* [Your goal]
The result should be an exact copy of only the lines from the one holding "REDACCIÓN, DIRECCIÓN Y" through the last line of the data below, please, without pictures.

Data extracted from a collection:
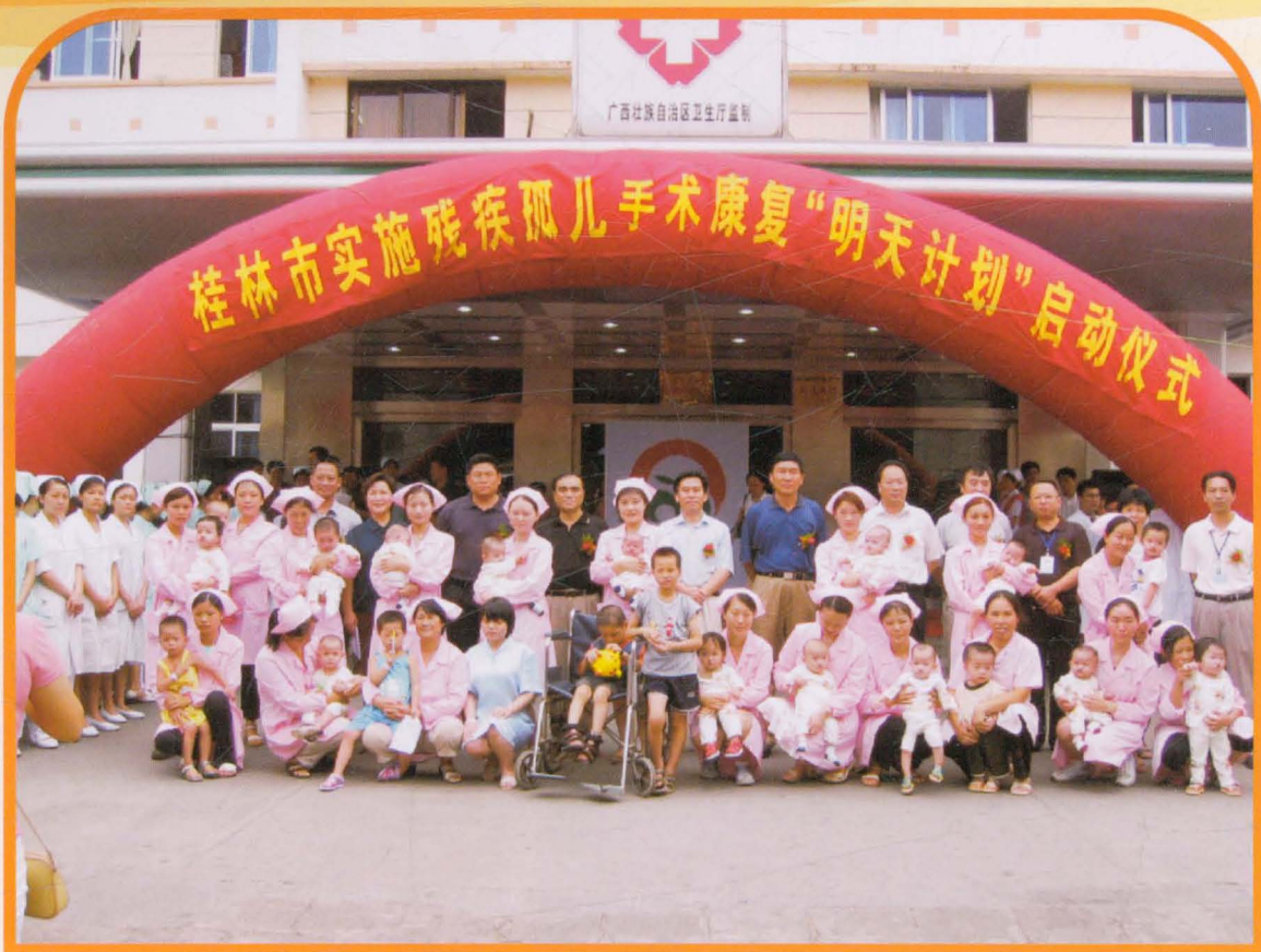
市领导参加桂林市明天计划残疾儿童康复启动仪式
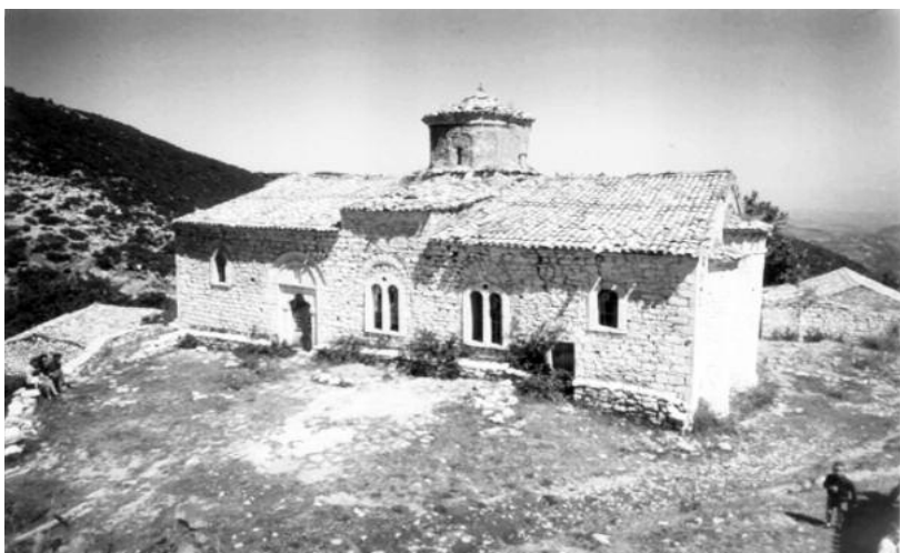
Ο πολιούχος του χωριού σε φωτογραφία του 1965 Καταστράφηκε από τους σεισμούς του έτους 1965.

Όσα γεγονότα αναφέρει στο χειρόγραφό του, τα οποία χρονολογούνται πριν από το έτος γεννήσεώς του είναι προφανώς καταγραφή από μαρτυρίες των προγόνων του ή συγχωριανών του.
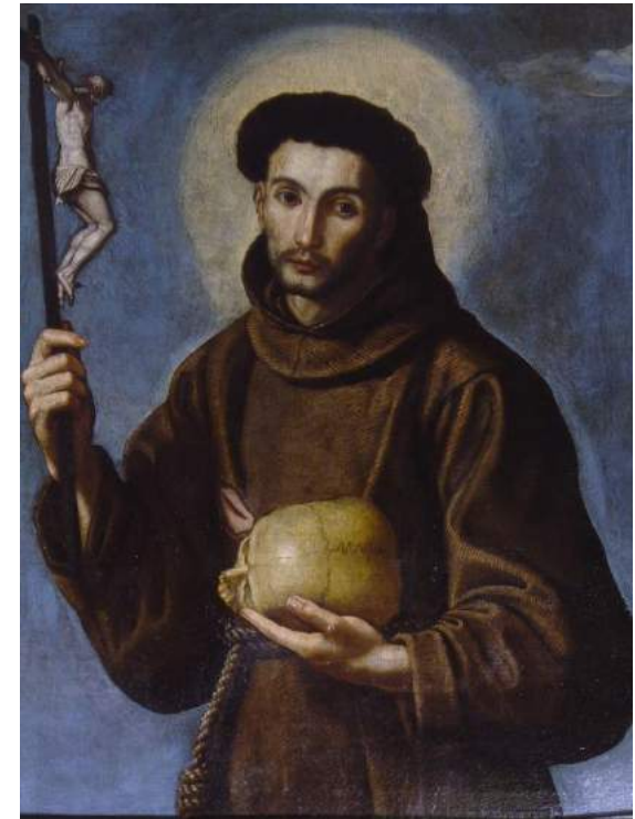
"San Francisco de Asís" Parroquia de Santa María Magdalena (Villamanrique de la Condesa, Sevilla).

REDACCIÓN, DIRECCIÓN Y EJECUCIÓN de los trabajos de conservaciónrestauración sobre un óleo sobre lienzo denominado "Retrato. Sra. de Abascal" . Antonio Luis 1939. Propiedad Particular. Sevilla. Año 2006.
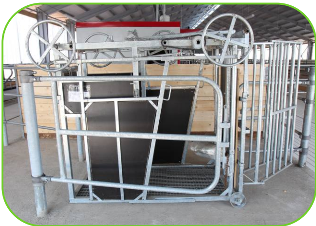
klec na ošetování paznehtů
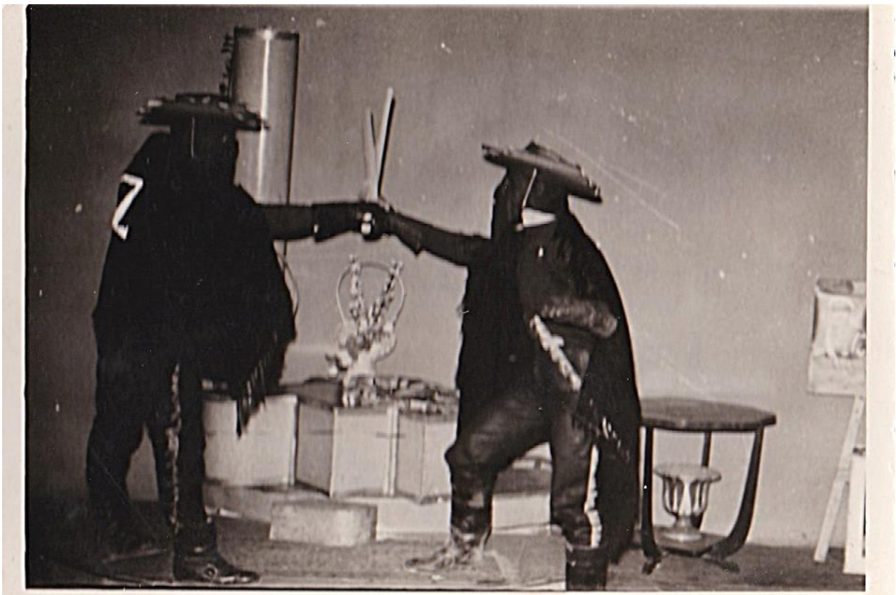
Εικόνα 24: Αποκριες 1962 στην Αλεξανδρούπολη! ΖΟΡΟμαχίες μέσα στο στούντιο!

* [Problem solution]
REDACCIÓN, DIRECCIÓN Y EJECUCIÓN de los trabajos de conservaciónrestauración sobre un óleo sobre lienzo denominado "Retrato. Sra. de Abascal" . Antonio Luis 1939. Propiedad Particular. Sevilla. Año 2006.
klec na ošetování paznehtů
Εικόνα 24: Αποκριες 1962 στην Αλεξανδρούπολη! ΖΟΡΟμαχίες μέσα στο στούντιο!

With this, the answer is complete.